> [Task item]: Quote exactly, and only, the lines of the material below from the line with "The Viper 27V is" through the line with "12月8日下午,幸运飞艇 学生干部成长论坛在文史楼520室举行。幸运飞艇 优秀毕业生韩向阳为幸运飞艇".

(Dataset entries Opens)

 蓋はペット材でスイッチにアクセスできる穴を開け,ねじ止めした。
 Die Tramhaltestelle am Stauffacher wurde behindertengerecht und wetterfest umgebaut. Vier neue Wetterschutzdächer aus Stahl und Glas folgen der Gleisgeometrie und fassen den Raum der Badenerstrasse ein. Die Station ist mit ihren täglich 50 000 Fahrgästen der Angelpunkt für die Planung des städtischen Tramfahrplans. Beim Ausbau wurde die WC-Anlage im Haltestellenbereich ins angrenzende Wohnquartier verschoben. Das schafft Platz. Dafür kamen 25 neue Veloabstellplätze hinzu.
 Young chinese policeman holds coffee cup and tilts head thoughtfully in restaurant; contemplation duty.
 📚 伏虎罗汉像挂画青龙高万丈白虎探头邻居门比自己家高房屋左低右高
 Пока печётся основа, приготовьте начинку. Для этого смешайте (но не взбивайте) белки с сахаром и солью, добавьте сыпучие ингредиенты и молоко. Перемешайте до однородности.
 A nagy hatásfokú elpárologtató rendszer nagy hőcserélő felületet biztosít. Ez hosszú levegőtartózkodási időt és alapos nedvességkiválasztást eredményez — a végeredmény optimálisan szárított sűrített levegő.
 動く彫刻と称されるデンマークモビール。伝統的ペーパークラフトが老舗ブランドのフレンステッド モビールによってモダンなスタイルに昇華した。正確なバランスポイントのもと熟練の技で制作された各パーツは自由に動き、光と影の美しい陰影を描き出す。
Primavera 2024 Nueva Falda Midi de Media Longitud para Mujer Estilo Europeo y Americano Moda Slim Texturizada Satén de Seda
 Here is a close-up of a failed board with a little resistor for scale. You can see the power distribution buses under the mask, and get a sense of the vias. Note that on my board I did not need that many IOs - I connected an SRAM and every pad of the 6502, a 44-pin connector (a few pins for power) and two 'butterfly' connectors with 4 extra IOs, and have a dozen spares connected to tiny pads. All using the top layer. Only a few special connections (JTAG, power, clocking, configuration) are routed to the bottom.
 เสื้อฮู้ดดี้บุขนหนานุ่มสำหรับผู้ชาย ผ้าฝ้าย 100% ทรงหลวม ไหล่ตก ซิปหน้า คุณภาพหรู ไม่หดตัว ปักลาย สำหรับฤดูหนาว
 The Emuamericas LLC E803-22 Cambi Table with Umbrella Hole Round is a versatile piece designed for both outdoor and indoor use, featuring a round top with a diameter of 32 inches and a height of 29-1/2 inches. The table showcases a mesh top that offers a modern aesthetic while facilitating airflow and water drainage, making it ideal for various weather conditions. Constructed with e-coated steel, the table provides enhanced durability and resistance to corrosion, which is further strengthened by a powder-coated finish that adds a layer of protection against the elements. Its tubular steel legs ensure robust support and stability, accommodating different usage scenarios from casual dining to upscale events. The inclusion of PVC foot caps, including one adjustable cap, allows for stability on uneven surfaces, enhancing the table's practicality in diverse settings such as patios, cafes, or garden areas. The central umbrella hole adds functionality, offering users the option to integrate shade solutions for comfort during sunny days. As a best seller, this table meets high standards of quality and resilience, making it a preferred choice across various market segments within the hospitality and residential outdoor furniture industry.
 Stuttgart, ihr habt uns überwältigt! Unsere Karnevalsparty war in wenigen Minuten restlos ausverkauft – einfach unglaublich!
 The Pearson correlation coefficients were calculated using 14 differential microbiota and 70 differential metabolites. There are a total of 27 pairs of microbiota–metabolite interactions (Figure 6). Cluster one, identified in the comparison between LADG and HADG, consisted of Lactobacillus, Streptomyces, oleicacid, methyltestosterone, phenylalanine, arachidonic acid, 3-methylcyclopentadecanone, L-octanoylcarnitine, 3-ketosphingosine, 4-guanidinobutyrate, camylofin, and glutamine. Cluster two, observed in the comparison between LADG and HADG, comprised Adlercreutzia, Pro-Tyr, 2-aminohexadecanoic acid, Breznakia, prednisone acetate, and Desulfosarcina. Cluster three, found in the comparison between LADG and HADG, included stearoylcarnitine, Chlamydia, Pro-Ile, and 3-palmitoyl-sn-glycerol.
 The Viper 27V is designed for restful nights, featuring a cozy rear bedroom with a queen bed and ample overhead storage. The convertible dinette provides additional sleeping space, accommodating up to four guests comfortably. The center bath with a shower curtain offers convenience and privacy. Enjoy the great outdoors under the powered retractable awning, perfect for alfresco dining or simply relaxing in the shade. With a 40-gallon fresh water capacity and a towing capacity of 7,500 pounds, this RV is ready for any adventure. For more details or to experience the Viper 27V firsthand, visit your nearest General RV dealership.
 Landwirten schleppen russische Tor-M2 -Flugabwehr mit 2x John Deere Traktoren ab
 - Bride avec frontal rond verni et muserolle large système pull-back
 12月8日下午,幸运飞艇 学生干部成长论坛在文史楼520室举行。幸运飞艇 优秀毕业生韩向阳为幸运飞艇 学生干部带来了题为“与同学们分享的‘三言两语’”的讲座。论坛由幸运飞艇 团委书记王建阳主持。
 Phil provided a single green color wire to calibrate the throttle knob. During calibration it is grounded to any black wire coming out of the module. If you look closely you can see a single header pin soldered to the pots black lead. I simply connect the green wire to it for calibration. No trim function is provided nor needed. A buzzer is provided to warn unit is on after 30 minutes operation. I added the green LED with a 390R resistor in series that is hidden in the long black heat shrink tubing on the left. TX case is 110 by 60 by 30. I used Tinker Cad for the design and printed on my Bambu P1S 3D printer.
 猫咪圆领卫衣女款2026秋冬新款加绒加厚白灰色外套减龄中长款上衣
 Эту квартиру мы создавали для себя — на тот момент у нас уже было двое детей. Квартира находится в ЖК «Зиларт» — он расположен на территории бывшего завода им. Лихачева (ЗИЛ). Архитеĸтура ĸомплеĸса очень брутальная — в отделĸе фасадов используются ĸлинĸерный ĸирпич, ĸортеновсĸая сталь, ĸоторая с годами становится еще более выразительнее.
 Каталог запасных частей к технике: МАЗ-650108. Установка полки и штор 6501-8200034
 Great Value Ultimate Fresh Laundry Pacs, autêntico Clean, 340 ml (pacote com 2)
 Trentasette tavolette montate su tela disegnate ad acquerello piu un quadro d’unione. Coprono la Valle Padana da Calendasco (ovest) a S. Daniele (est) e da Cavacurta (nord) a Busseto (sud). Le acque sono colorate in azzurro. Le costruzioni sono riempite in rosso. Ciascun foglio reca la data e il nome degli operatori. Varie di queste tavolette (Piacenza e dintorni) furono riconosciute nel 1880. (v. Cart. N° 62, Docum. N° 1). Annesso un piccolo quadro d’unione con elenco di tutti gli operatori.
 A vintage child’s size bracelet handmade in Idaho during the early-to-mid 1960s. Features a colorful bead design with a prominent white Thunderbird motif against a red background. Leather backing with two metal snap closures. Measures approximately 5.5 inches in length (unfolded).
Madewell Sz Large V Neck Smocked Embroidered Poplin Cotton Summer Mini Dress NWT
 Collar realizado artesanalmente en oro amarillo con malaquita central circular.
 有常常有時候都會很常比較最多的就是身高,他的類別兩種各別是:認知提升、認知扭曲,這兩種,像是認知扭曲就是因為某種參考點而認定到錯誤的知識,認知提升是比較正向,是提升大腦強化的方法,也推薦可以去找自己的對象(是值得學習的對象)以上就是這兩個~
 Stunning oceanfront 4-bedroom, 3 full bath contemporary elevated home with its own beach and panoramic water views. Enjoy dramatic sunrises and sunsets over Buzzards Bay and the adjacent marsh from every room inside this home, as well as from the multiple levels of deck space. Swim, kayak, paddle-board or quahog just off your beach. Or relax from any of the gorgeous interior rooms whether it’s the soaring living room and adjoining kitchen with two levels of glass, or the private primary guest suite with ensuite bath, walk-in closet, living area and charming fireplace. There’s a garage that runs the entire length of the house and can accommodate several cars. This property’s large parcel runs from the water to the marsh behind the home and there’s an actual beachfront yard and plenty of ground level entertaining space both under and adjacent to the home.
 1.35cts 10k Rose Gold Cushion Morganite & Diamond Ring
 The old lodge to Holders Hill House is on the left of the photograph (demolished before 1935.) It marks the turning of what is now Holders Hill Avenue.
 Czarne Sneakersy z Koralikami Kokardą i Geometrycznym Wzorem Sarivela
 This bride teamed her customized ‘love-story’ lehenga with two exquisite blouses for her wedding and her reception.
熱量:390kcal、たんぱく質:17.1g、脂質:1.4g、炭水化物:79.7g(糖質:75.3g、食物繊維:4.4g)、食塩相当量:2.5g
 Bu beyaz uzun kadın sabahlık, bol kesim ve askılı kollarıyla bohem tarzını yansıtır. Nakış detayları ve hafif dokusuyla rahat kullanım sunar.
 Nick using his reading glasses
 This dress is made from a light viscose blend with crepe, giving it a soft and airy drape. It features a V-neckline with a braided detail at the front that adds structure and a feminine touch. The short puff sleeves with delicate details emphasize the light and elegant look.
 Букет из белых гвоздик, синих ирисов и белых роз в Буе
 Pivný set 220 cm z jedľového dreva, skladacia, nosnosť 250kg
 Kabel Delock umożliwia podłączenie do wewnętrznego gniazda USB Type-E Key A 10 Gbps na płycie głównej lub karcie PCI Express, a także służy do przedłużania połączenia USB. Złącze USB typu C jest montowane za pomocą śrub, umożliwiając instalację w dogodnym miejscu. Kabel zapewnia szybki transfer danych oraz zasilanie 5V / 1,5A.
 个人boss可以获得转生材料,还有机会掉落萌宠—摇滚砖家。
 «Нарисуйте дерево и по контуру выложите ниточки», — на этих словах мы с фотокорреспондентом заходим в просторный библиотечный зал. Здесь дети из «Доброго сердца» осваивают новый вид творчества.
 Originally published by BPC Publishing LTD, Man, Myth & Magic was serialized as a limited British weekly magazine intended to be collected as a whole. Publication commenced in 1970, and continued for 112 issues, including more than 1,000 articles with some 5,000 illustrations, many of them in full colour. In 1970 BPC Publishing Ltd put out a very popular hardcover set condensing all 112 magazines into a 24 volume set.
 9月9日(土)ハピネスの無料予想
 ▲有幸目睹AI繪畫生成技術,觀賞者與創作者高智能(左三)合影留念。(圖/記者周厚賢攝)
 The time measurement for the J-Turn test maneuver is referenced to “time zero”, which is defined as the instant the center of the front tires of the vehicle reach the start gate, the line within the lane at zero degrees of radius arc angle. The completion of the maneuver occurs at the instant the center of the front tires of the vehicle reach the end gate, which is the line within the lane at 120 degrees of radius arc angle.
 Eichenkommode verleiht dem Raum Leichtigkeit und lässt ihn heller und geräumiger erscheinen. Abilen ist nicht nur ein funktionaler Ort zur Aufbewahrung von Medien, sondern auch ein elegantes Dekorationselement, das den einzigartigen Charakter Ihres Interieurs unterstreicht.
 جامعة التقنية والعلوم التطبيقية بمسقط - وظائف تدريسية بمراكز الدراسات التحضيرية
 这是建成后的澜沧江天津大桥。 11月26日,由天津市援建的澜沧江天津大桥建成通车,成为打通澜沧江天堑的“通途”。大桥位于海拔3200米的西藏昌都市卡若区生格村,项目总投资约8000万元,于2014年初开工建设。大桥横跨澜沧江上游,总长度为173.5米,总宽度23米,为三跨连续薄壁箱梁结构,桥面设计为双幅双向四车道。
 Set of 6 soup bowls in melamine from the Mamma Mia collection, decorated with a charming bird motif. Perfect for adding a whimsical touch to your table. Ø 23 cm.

(Dataset entries Closes)

> [Exercise response]:
 The Viper 27V is designed for restful nights, featuring a cozy rear bedroom with a queen bed and ample overhead storage. The convertible dinette provides additional sleeping space, accommodating up to four guests comfortably. The center bath with a shower curtain offers convenience and privacy. Enjoy the great outdoors under the powered retractable awning, perfect for alfresco dining or simply relaxing in the shade. With a 40-gallon fresh water capacity and a towing capacity of 7,500 pounds, this RV is ready for any adventure. For more details or to experience the Viper 27V firsthand, visit your nearest General RV dealership.
 Landwirten schleppen russische Tor-M2 -Flugabwehr mit 2x John Deere Traktoren ab
 - Bride avec frontal rond verni et muserolle large système pull-back
 12月8日下午,幸运飞艇 学生干部成长论坛在文史楼520室举行。幸运飞艇 优秀毕业生韩向阳为幸运飞艇 学生干部带来了题为“与同学们分享的‘三言两语’”的讲座。论坛由幸运飞艇 团委书记王建阳主持。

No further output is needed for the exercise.